Here are some other Jinja constructs you may find useful:

{%- if myvar is defined %}
myvar is defined.
{%- else %}
myvar is not defined.
{%- endif %}

{%- if foo == "bar" %}
This text will only be included if the variable "foo" equals the string "bar".
{%- elif foo == "oni" %}
Hmmm... foo is oni?
{%- endif %}

{%- for file in mylist %}
{{file}}
{%- endfor %}

You can see that Jinja gives you a lot of power to generate the final representation of the ebuild that you want. Remember that you can always pass new keyword arguments to the constructor for BreezyBuild and then access them in your templates. For more information on what Jinja can do, browse the official Jinja Documentation or look in the kit-fixups repo for interesting examples.

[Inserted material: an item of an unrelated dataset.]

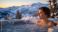 • Woman enjoying winter sunset in hot tub, snow around tub glistening, alpine peaks softly illuminated, steam rising from warm spa water creating relaxing winter vibe

Using Multiple Templates or BreezyBuilds

As mentioned earlier, you can place templates in the templates/ directory next to your autogen, and by default, the BreezyBuild will use the template with the same name as your package. To change this, you can pass the template="anothertemplate.tmpl" keyword argument to your BreezyBuild or pass a different name to your BreezyBuild (name is normally part of the **pkginfo dict.) You might want to do this if you are using your autogen.py to generate more than one ebuild – which is perfectly legal and supported. In this case, you will want to vary the name and/or cat arguments that get passed to BreezyBuild (these typically come via **pkginfo) to specify a new package name and/or category. Remember to call .push() for every ebuild you want to generate. See the Virtualbox-bin Autogen for an example.

Introspecting Inside Artifacts

You may be wondering if it is possible to grab a source tarball, look inside it, and parse things like Makefile or meson.build files to base your build steps on stuff inside the Artifact. Yes, this is definitely possible. To do it, you will first want to define an Artifact all by itself, and then call its ensure_fetched() or fetch() async method. You can then unpack it and inspect its contents:

import os
import glob

async def generate(hub, **pkginfo):
  my_artifact = Artifact(url="https://foo.bar.com/myfile-1.0.tar.gz")
  await my_artifact.ensure_fetched()
  my_artifact.extract()
  for meson_file in glob.iglob(os.path.join(my_artifact.extract_path, "*/meson.build"):
    ...
  my_artifact.cleanup()

See our xorg-proto Autogen for an example of this. It downloads xorg-proto and introspects inside it to generate a bunch of stub ebuilds for each protocol supported by xorg-proto.